The data:
□ □ □ □

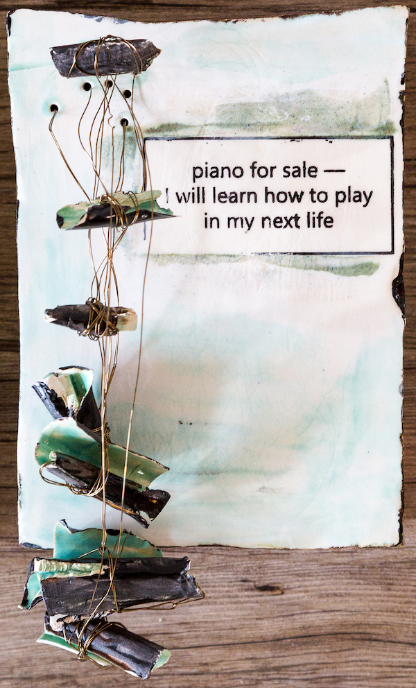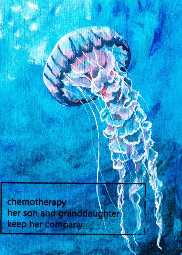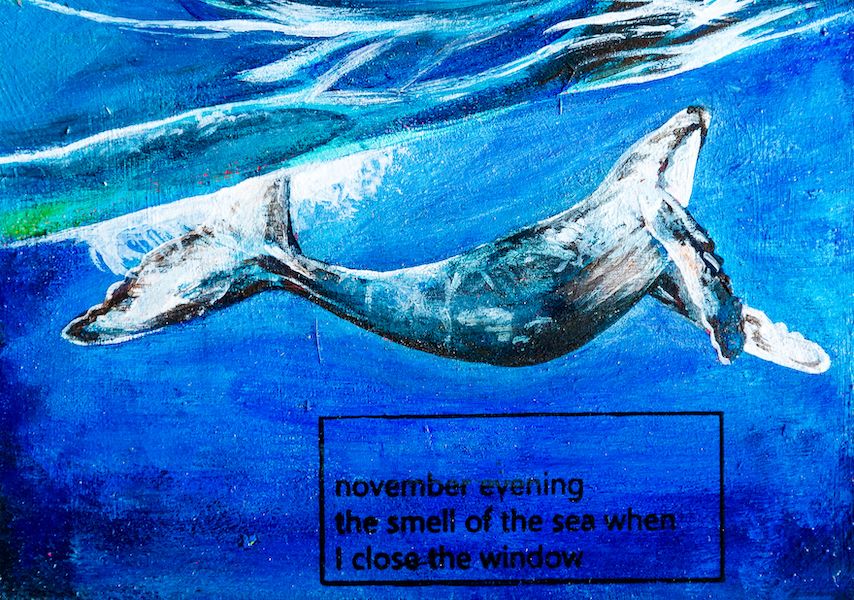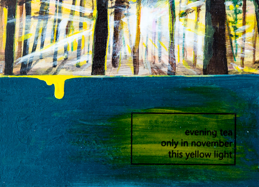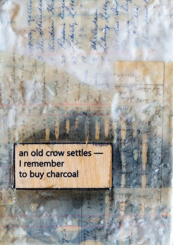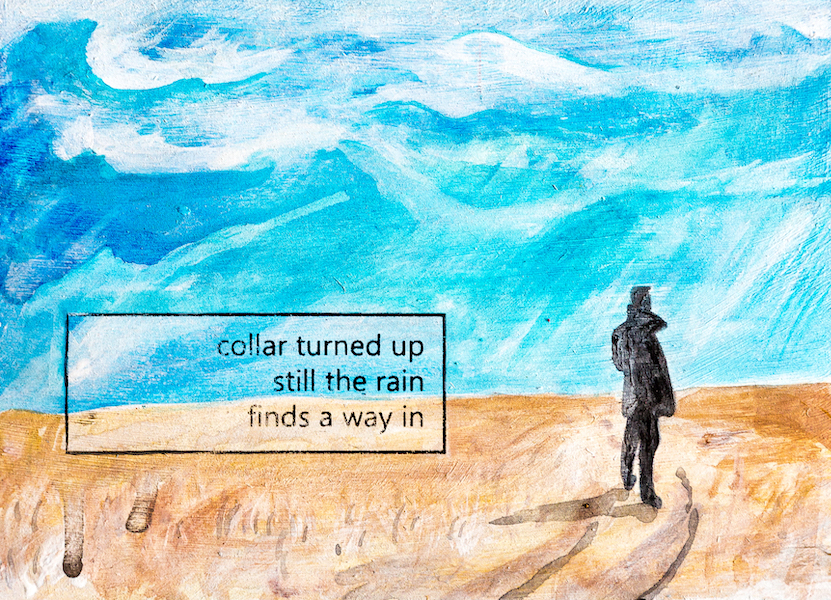 With Andrew’s direction and mentorship, Linds sent an original piece of artwork to a stranger every day in 2016. Last year they met for the first time in person and began collaboration on “HaigaGraph: A Haiku Art Collaboration”. Andrew wrote and sent Linds haiku that inspired the artwork. As a nod to their beginnings, all the small works are 5 by 7 inches, the size of a postcard.
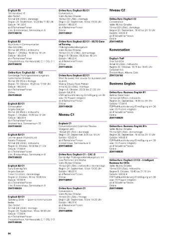 12-mal (24 UStd.), dienstags 10-mal (20 UStd.), montags Online-Kurs: Englisch C2
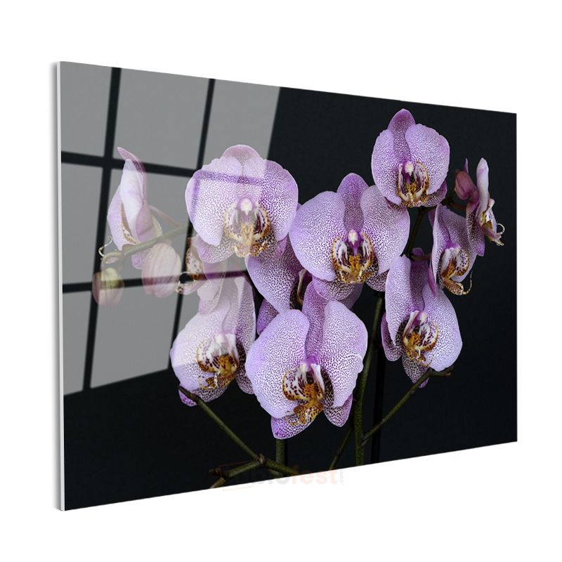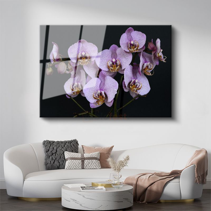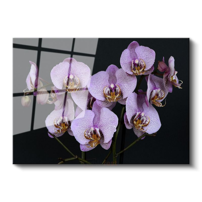 Mor Orkide - Benekli Egzotik Çiçek Dalı Cam Tablo
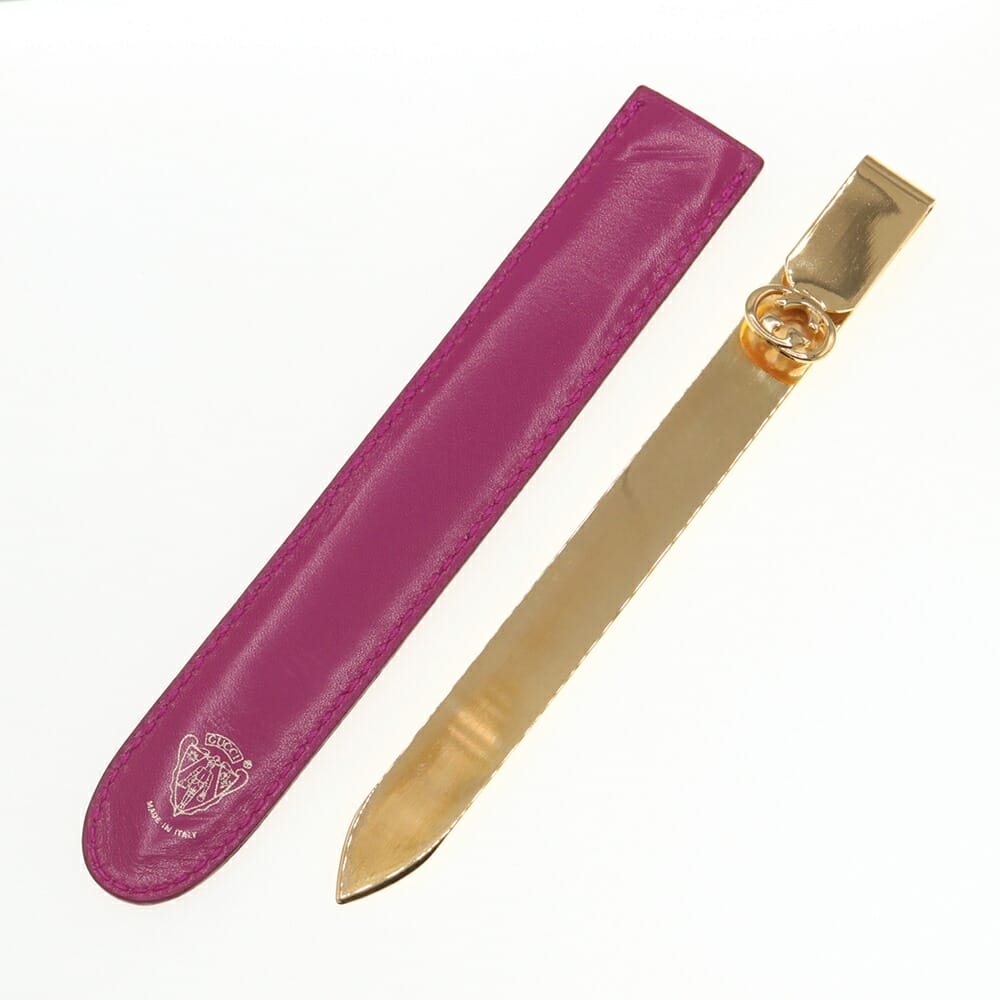 グッチ ペーパーナイフ パープル ゴールド レザー 中古 レターナイフ オープナー GGロゴ ヴィンテージ

□ □ □ □

Task item:
Copy out the material above exactly; the images stay out.

Task output:
 With Andrew’s direction and mentorship, Linds sent an original piece of artwork to a stranger every day in 2016. Last year they met for the first time in person and began collaboration on “HaigaGraph: A Haiku Art Collaboration”. Andrew wrote and sent Linds haiku that inspired the artwork. As a nod to their beginnings, all the small works are 5 by 7 inches, the size of a postcard.
 12-mal (24 UStd.), dienstags 10-mal (20 UStd.), montags Online-Kurs: Englisch C2
 Mor Orkide - Benekli Egzotik Çiçek Dalı Cam Tablo
 グッチ ペーパーナイフ パープル ゴールド レザー 中古 レターナイフ オープナー GGロゴ ヴィンテージ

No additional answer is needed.